What to work on: In the material below, begin at the line that has "Men's Outdoor Functional", stop after the line that has "2015年3月空襲時(shí", and transcribe those lines exactly, without pictures.

Supplied data:
• • • • •

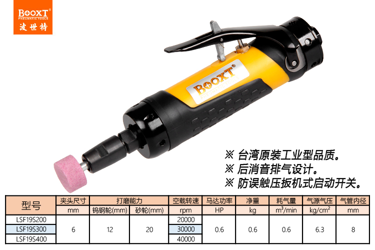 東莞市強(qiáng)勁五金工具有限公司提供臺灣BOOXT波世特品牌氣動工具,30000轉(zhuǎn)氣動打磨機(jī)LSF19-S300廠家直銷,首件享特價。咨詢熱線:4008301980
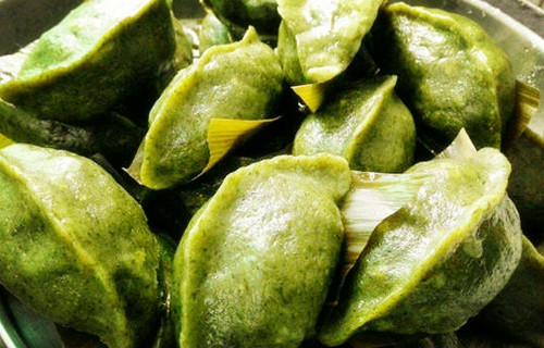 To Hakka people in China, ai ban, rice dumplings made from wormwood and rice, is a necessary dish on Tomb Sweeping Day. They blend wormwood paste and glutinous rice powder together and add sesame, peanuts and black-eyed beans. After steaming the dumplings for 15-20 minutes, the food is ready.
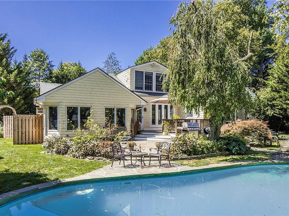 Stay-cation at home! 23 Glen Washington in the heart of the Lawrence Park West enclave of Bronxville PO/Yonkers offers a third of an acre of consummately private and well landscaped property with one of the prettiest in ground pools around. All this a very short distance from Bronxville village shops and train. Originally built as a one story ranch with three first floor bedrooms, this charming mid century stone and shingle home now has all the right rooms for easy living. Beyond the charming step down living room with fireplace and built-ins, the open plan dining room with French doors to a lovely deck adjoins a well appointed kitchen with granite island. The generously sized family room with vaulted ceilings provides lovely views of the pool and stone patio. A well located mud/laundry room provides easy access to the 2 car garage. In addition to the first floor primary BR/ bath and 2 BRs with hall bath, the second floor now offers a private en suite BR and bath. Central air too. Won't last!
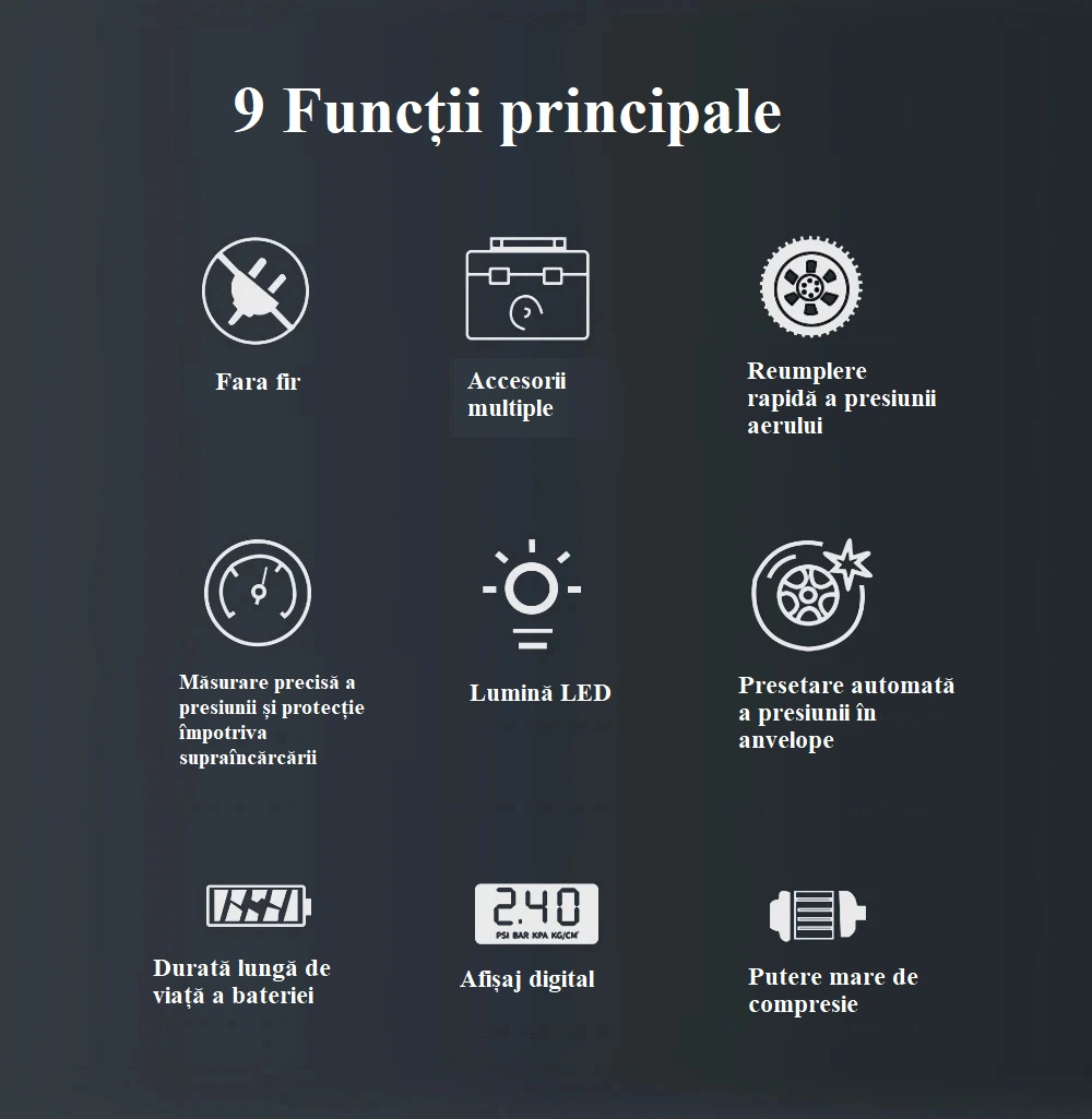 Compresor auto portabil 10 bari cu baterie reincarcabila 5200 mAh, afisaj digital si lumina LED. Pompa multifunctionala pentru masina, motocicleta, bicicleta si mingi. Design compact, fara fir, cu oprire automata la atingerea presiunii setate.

• • • • •

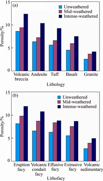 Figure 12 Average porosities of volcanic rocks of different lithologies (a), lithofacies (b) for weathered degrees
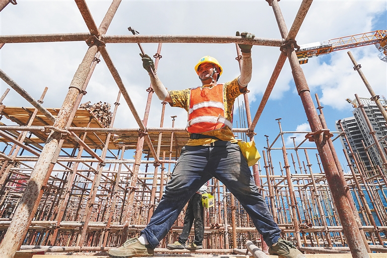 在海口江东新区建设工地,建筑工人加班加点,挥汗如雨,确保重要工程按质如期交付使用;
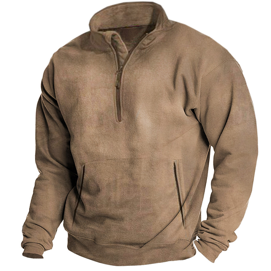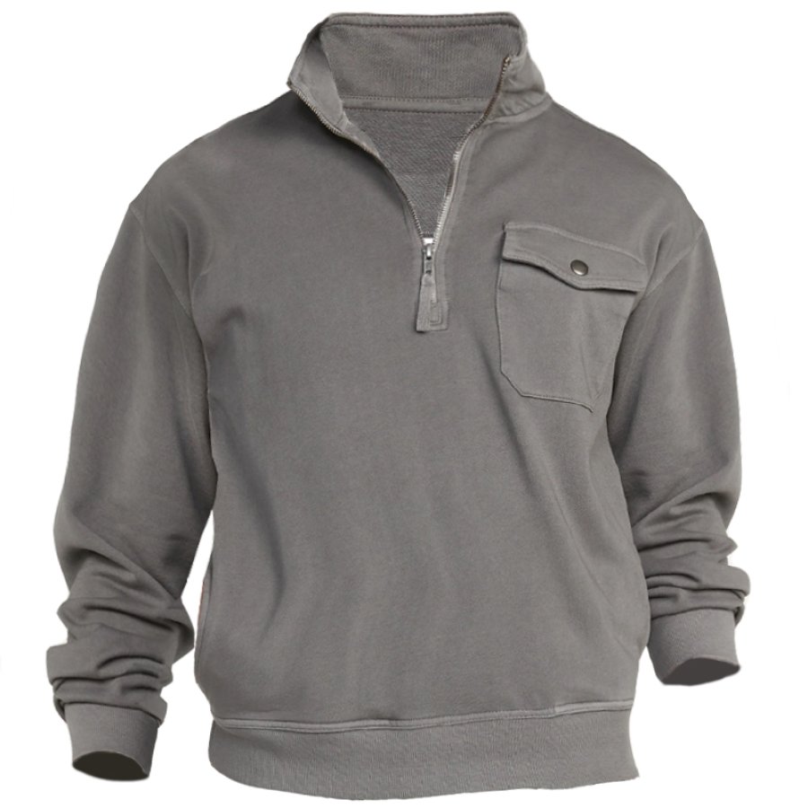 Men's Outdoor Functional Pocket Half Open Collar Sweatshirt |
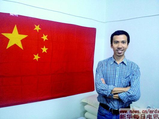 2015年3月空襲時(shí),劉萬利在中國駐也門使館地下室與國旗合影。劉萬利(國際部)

• • • • •

Response area:
 Men's Outdoor Functional Pocket Half Open Collar Sweatshirt |
 2015年3月空襲時(shí),劉萬利在中國駐也門使館地下室與國旗合影。劉萬利(國際部)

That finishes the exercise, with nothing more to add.